Добавить в цитаты Настройки чтения

Страница 33 из 146

— Предупредить, что ежели не будет на пашне урожая, мясом возьмем положенное государству, — добавил Филипп.

— Ты, Иван, так и запиши в свою поминальню, — сказал Андрей.

И в широченной конторской книге с надписью на сером переплете «Памятная книга торгового мещанина Чесалина» Ванька записал: «Зажиточным вбить в голову, чтобы сеяли на совесть».

Потом он записал:

«Завтра же, без проволочек, быками отправить кучаринцам раскулаченную пшеницу… Кучаринцам она пойдет на еду, а у них взять замест нее семенную, хорошей всхожести чтоб была. Филипп сам обо всем договорился с Васей Конюшонком, с ихним комбедом…»
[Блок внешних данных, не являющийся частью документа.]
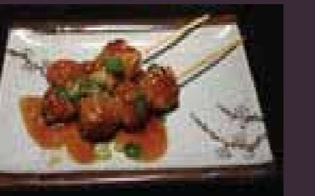
Tsukune kipballetjes-spies (2st.)
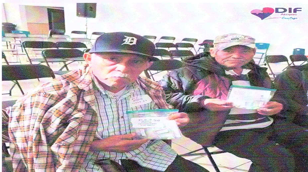
Entrega de auxiliares auditivos.
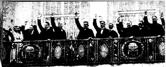
Oben: Am 31. Juli 1919 wird auf dem Balkon des Nationaltheaters in Weimar die „demokratische Verfassung der Welt“ ausgerufen. Die über Hindenburg mit Brüning, Schleicher und Papen geadelten Weg zum Faschismus führt
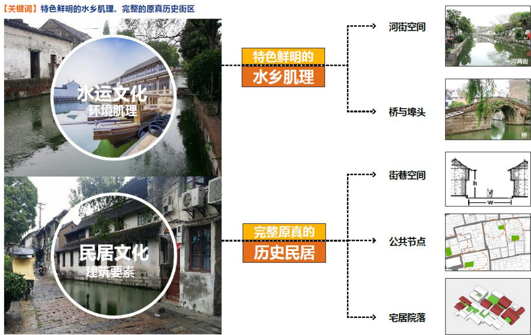
图4 老城肌理及文化要素提取

Дальше пошли записи, касающиеся существенных мелочей:

«Раиска-горлохватка. Мавре надо подсказать, чтобы на севе держала ее в хорошей дисциплине».

«Фуксовский плужок Коншиных отдать Ульяне Лукиной и ее товарищам, а то у них плужишка никчемушный».

Записи продолжались. Давно наступил вечер, и вот он уже стал сливаться с ночью, смелее дышать в раскрытую форточку весенней влажной прохладой.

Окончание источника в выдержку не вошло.